The Legend of Lylah Clare is a 1968 American drama film released by Metro-Goldwyn-Mayer and directed by Robert Aldrich. The film stars Peter Finch, Kim Novak (in multiple roles), Ernest Borgnine, Michael Murphy, and Valentina Cortese. The film was based on a 1963 DuPont Show of the Week TV drama co-written by Wild in the Streets creator Robert Thom.

A satire on Hollywood, full of references to similar films, it recounts how an untalented beginner is hired to play the legendary Lylah Clare, a tempestuous actress who died mysteriously 20 years ago, and is herself consumed by the system. Although Aldrich's previous 1960s efforts were praised by critics, Lylah Clare opened to negative reviews.

Original TV drama
The Legend of Lylah Clare originally aired as a teleplay on the anthology series The DuPont Show of the Week on May 19, 1963, with Tuesday Weld in the title role and Alfred Drake as Lylah's director widower.

The show was made by the Directors Company, a production company formed by Franklin Schaffner and Fielder Cook to make some of the Dupont Dramas.
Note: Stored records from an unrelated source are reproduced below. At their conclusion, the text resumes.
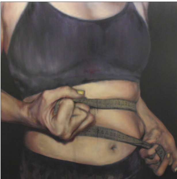
A fiatalság elvesztése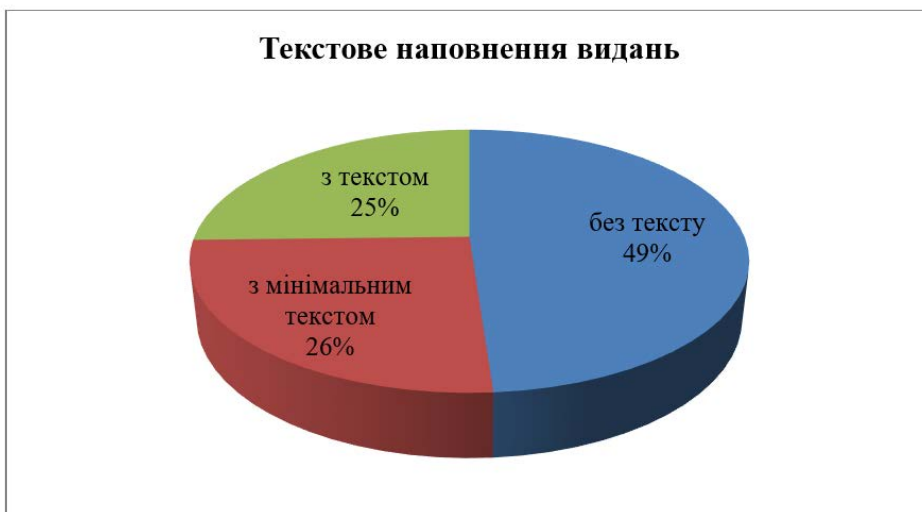
Діаграма 3. Текстове наповнення видань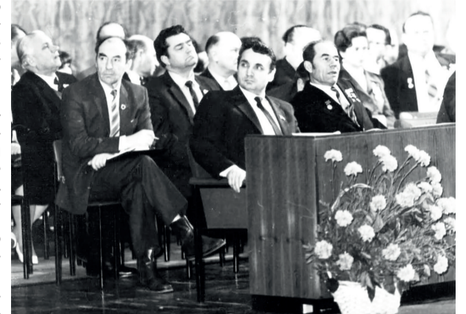
Президиум Учредительного съезда по созданию Российского профсоюза строительной отрасли.

даже выкрики с мест против его предложения.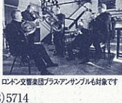
ロンドン交響楽団「プラマス・ザンブル」も対象です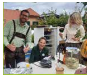
Ein bisschen Spaß muss sein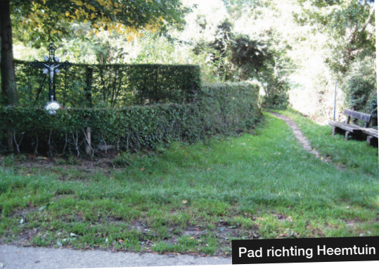
Pad richting Heemtuin

het dal. De heuvel vormt een deel van de westelijke rand van het Plateau van Doenrade langs het Geleenbeekdal.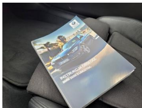
Fot. 24 Instrukcja obsługi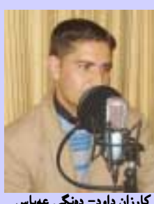
کارزان داوود- دەنگی عەباس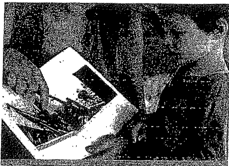
Il s'agit de transmettre un peu de notre histoire.

• Votre rôle d'animateur, d'éducateur à part entière, est ici autre : il s'agit de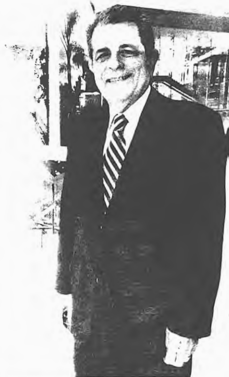
El juez presidente del Tribunal Supremo presentó la exposición 'Contextos' en el vestíbulo de la nueva Biblioteca.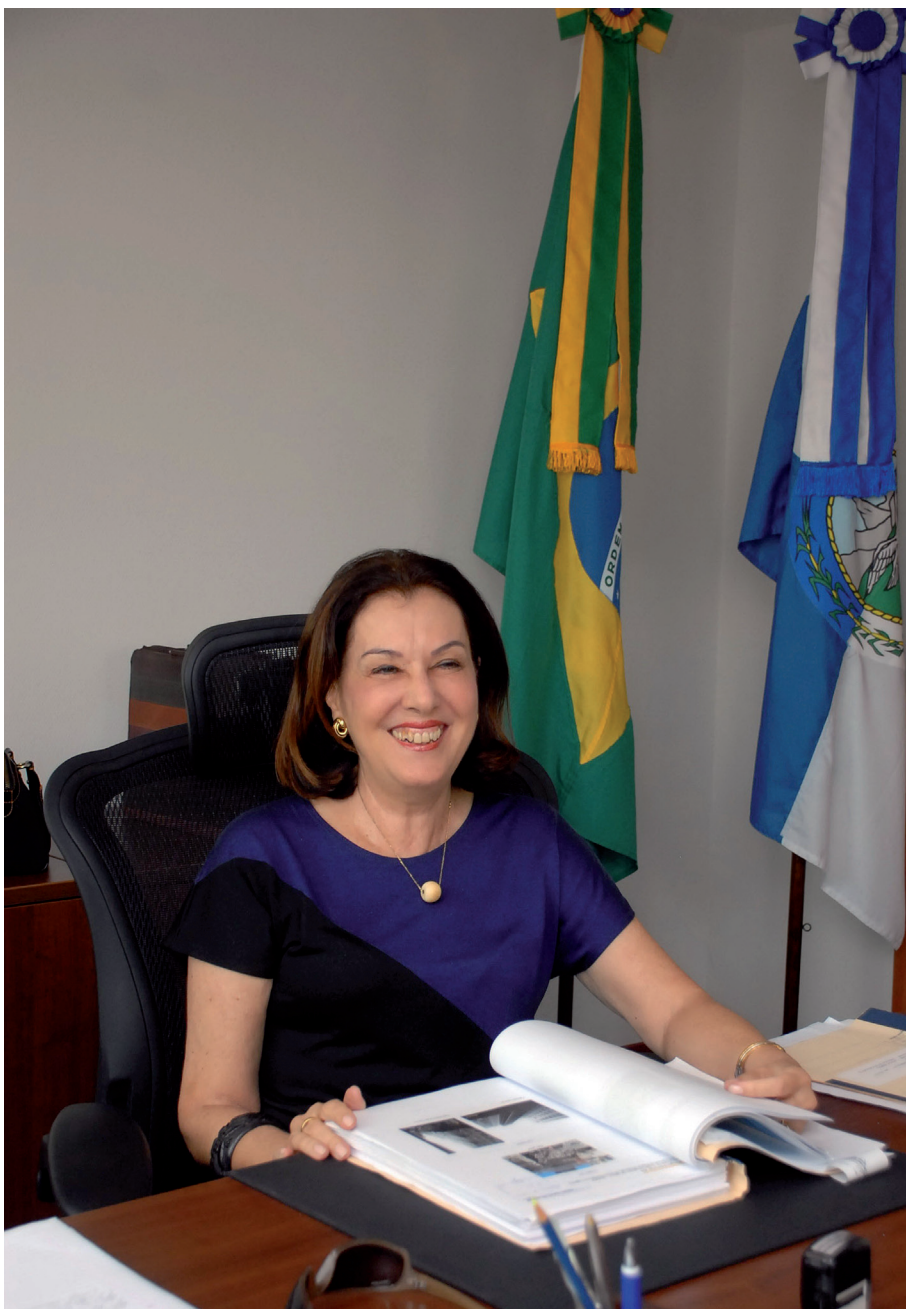
No seu gabinete no edifício-sede da Procuradoria Geral do Estado do Rio de Janeiro

Schaffner said if the audience could stay with the story until the last twenty minutes he would "guarantee nightmares". Robert Thom's script was described as a "modern Dybbuk".

Plot
Agent Bart Langner (Milton Selzer) finds Elsa Brinkmann (Kim Novak), a would-be actress who looks and sounds just like Lylah Clare, a flamboyant star who fell to her death in suspicious circumstances 20 years ago. He persuades arrogant director Lewis Zarkan (Peter Finch), who had been married to Lylah, to see her. The two men then convince brash studio head Barney Sheean (Ernest Borgnine), who is equally struck, to back a picture with her as Lylah.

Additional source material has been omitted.